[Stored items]
────────────────────
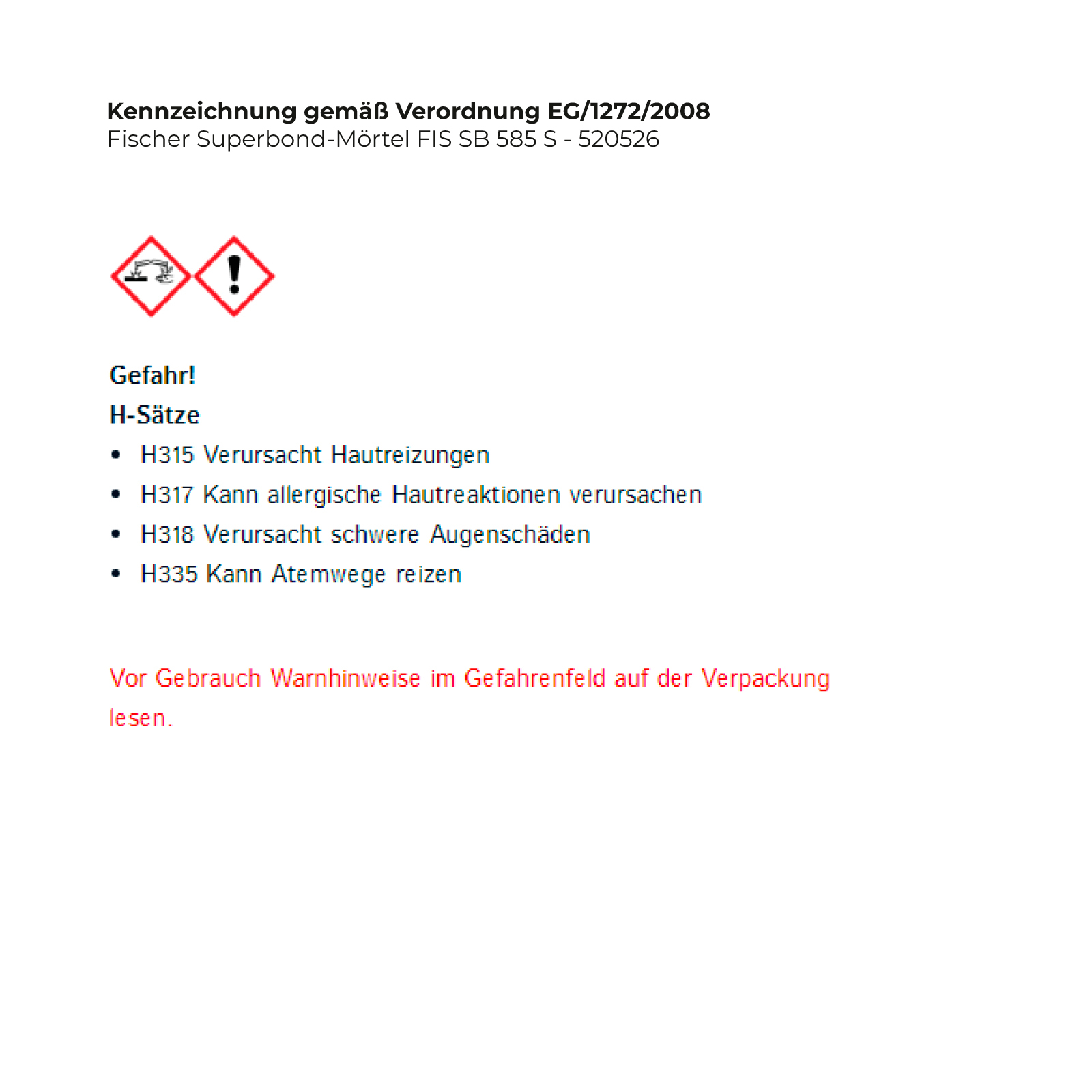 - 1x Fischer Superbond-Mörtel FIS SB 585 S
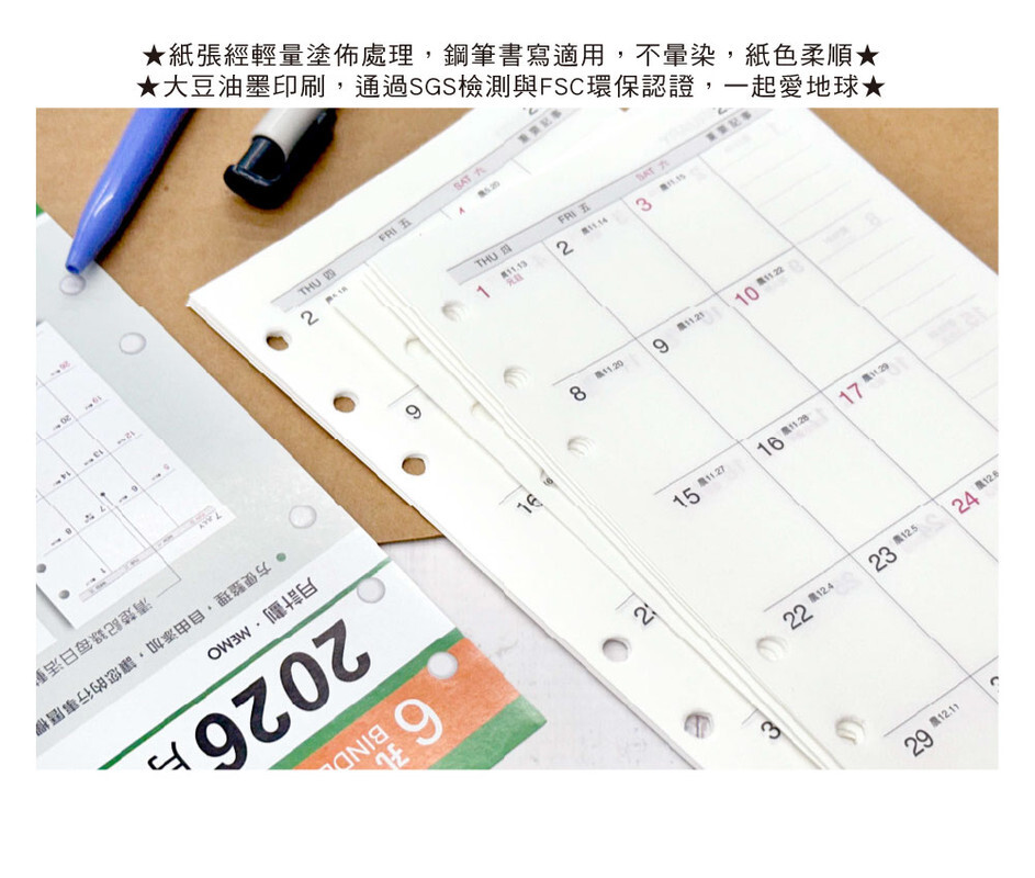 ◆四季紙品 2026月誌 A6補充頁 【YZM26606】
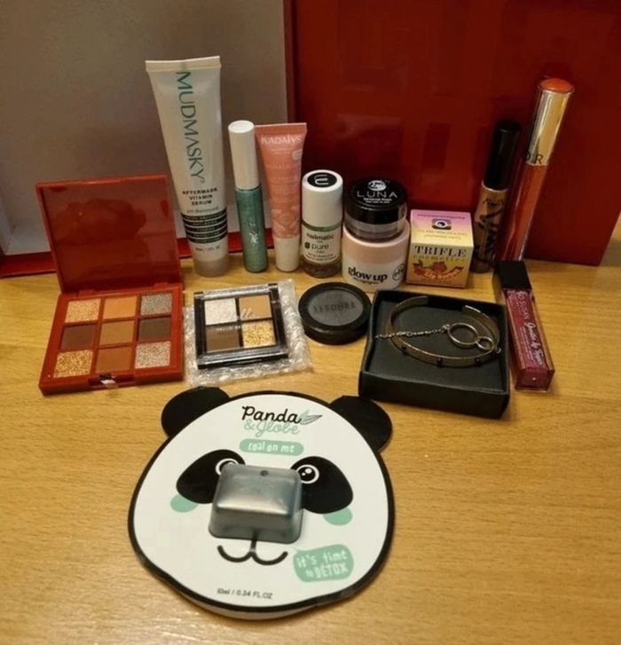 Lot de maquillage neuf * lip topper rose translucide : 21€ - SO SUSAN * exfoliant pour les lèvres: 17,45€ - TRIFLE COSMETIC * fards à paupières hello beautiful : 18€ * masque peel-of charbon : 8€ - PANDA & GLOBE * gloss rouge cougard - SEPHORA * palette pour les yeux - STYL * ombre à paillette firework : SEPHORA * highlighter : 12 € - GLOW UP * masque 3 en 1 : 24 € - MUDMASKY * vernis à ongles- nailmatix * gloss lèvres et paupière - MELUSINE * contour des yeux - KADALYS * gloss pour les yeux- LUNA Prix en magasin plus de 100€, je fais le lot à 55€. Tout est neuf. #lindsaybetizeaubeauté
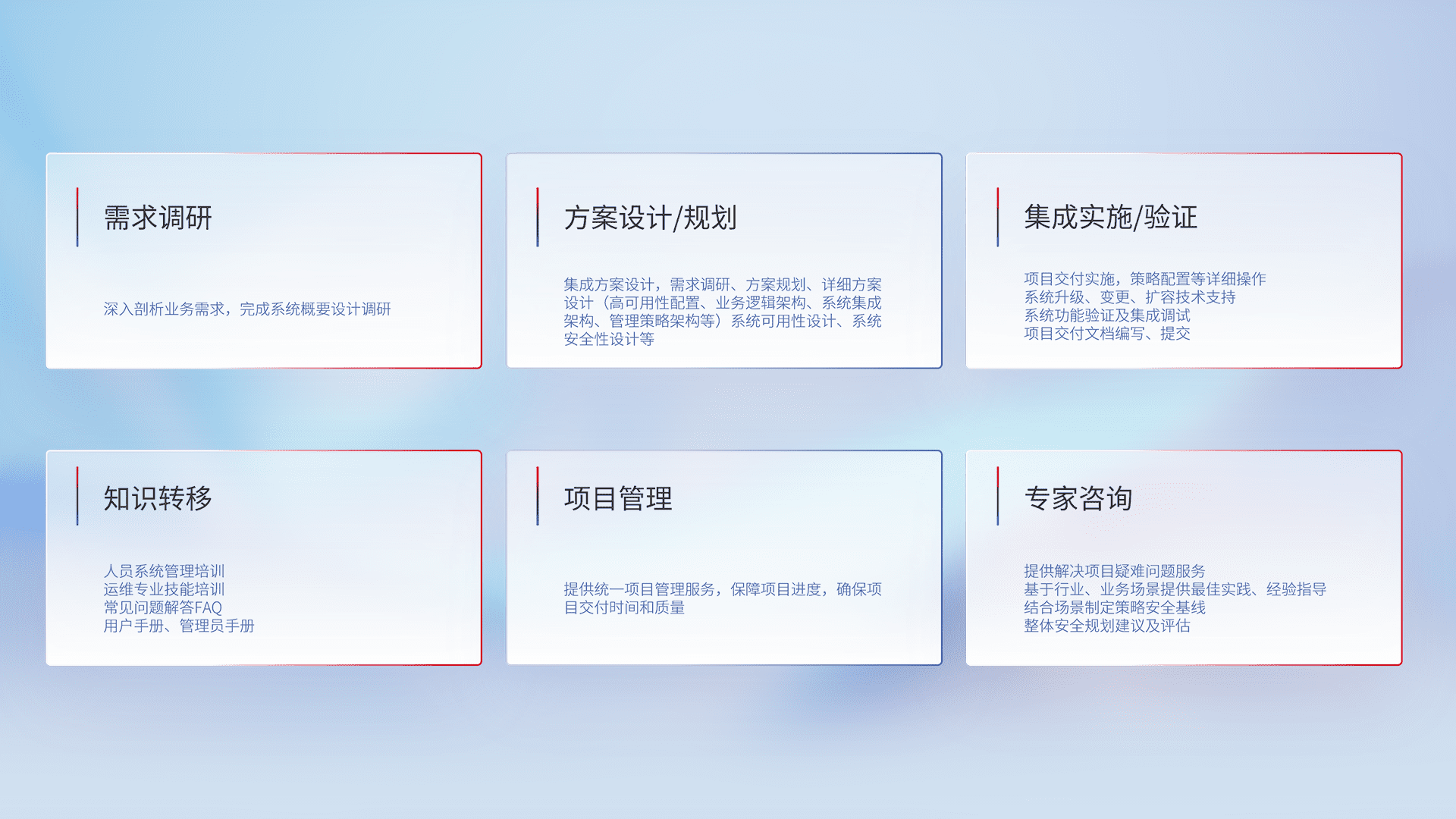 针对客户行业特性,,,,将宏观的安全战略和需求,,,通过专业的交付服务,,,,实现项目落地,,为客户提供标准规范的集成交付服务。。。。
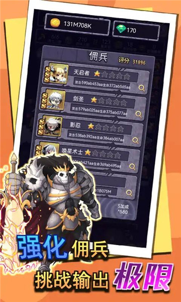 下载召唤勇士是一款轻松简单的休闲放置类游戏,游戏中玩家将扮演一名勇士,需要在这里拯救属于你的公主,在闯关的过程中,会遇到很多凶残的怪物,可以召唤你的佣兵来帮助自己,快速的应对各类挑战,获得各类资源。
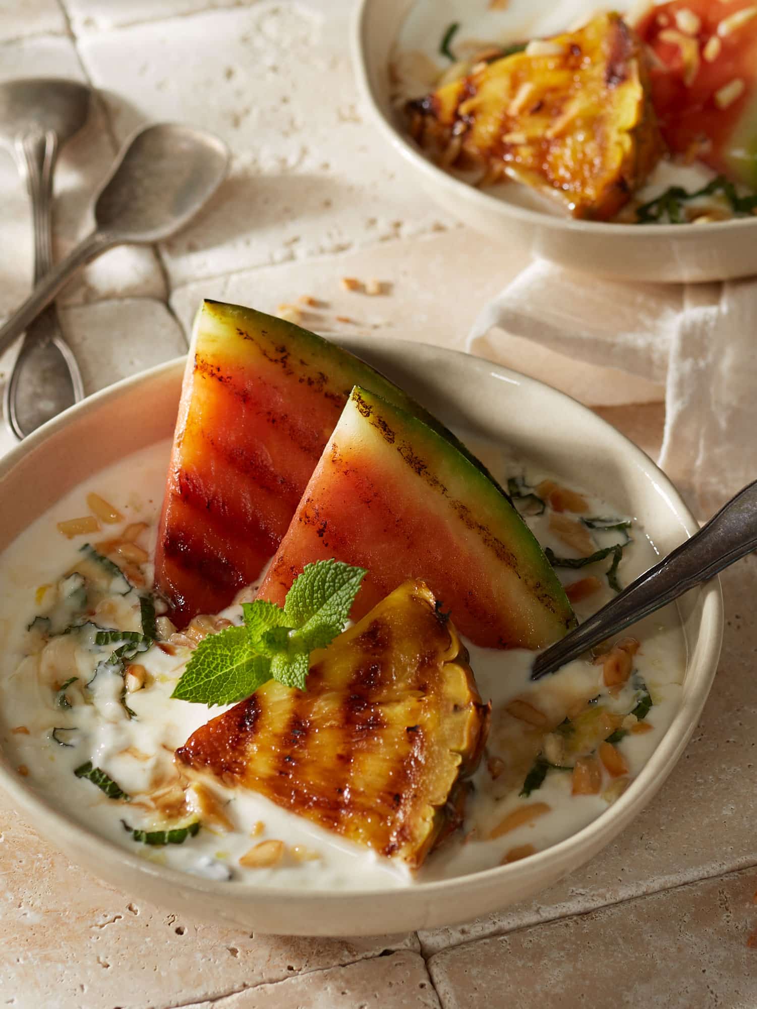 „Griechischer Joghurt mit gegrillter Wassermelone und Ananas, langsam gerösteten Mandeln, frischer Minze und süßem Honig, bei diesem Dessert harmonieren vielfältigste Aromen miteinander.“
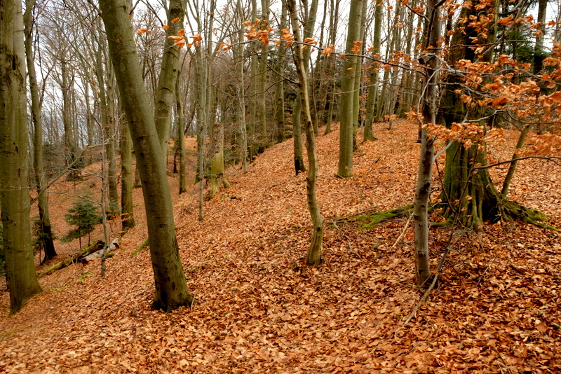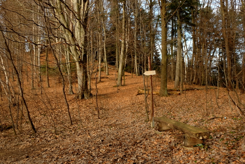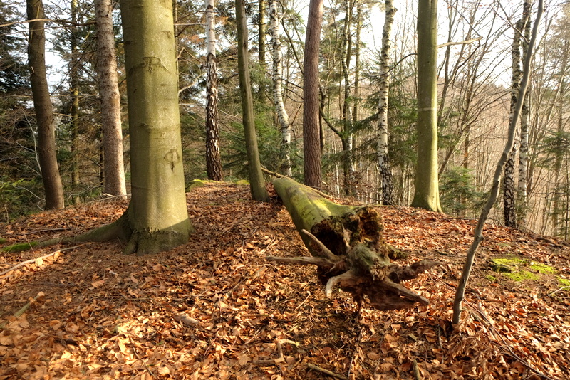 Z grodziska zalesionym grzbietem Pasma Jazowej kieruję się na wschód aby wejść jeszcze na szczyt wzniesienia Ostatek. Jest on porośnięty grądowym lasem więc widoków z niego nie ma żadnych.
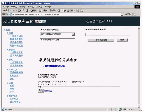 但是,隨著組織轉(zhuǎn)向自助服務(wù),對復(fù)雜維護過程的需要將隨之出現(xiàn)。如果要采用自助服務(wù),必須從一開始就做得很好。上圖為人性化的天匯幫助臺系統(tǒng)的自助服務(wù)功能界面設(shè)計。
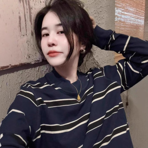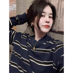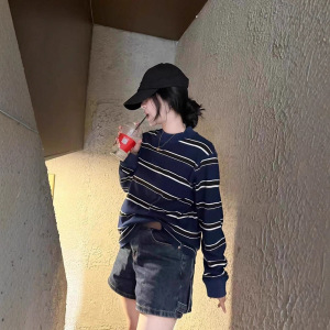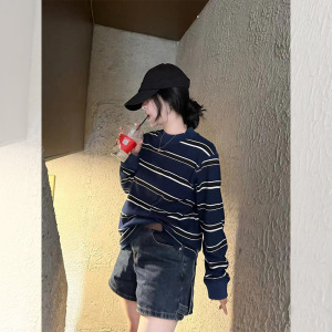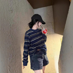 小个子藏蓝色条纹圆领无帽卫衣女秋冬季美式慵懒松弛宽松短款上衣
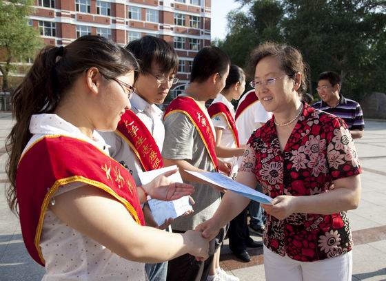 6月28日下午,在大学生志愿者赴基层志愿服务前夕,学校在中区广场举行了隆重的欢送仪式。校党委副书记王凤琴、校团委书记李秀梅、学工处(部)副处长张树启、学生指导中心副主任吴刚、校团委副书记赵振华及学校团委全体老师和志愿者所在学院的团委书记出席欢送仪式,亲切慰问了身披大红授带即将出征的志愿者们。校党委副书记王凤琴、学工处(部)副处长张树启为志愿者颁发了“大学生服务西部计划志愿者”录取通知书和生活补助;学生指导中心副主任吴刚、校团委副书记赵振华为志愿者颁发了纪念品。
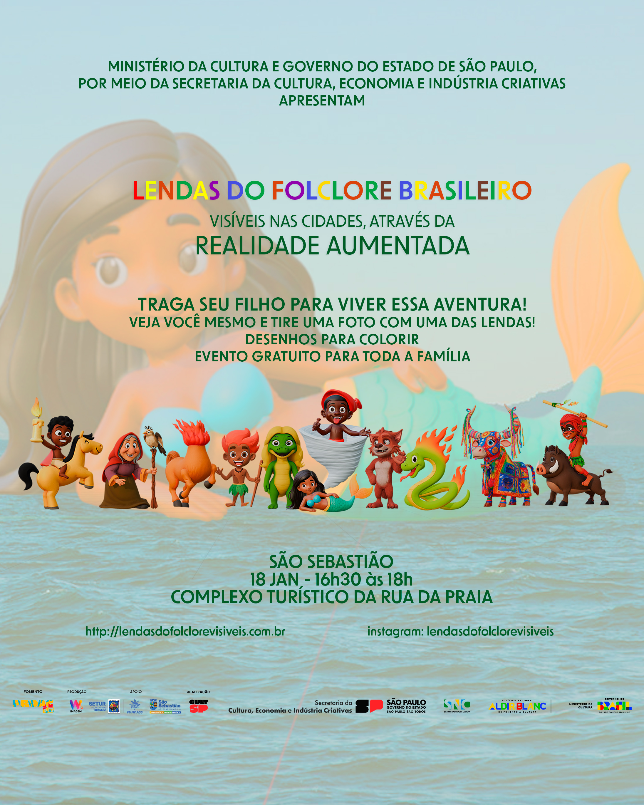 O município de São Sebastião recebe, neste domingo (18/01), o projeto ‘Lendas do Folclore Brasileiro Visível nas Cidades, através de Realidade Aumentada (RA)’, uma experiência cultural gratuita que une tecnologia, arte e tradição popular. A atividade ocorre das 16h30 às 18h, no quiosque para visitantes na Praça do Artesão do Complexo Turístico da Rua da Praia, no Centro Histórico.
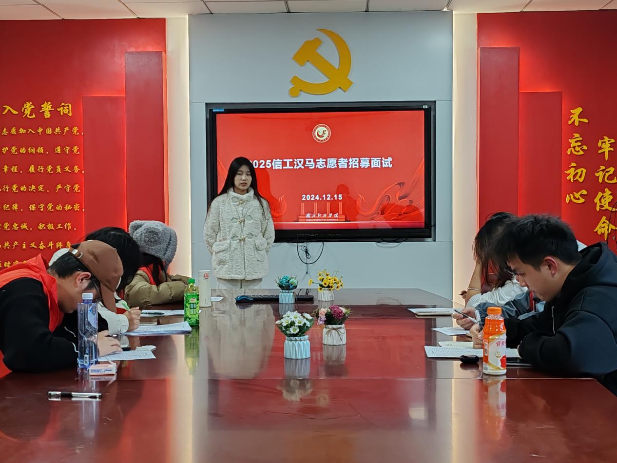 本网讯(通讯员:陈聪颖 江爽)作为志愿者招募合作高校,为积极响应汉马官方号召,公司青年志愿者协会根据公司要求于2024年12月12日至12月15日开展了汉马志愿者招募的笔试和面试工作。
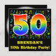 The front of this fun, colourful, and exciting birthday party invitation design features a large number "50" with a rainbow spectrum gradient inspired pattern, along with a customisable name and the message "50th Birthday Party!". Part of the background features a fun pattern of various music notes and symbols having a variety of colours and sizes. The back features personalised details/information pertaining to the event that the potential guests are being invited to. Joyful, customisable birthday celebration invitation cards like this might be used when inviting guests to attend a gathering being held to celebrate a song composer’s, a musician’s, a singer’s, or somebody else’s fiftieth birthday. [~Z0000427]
────────────────────
(Your objective): Would you please reproduce the entries above, starting at the line with "Z grodziska zalesionym" and stopping after the line with "6月28日下午,在大学生志愿"? Omit any pictures.

(Solution to this task):
 Z grodziska zalesionym grzbietem Pasma Jazowej kieruję się na wschód aby wejść jeszcze na szczyt wzniesienia Ostatek. Jest on porośnięty grądowym lasem więc widoków z niego nie ma żadnych.
 但是,隨著組織轉(zhuǎn)向自助服務(wù),對復(fù)雜維護過程的需要將隨之出現(xiàn)。如果要采用自助服務(wù),必須從一開始就做得很好。上圖為人性化的天匯幫助臺系統(tǒng)的自助服務(wù)功能界面設(shè)計。
 小个子藏蓝色条纹圆领无帽卫衣女秋冬季美式慵懒松弛宽松短款上衣
 6月28日下午,在大学生志愿者赴基层志愿服务前夕,学校在中区广场举行了隆重的欢送仪式。校党委副书记王凤琴、校团委书记李秀梅、学工处(部)副处长张树启、学生指导中心副主任吴刚、校团委副书记赵振华及学校团委全体老师和志愿者所在学院的团委书记出席欢送仪式,亲切慰问了身披大红授带即将出征的志愿者们。校党委副书记王凤琴、学工处(部)副处长张树启为志愿者颁发了“大学生服务西部计划志愿者”录取通知书和生活补助;学生指导中心副主任吴刚、校团委副书记赵振华为志愿者颁发了纪念品。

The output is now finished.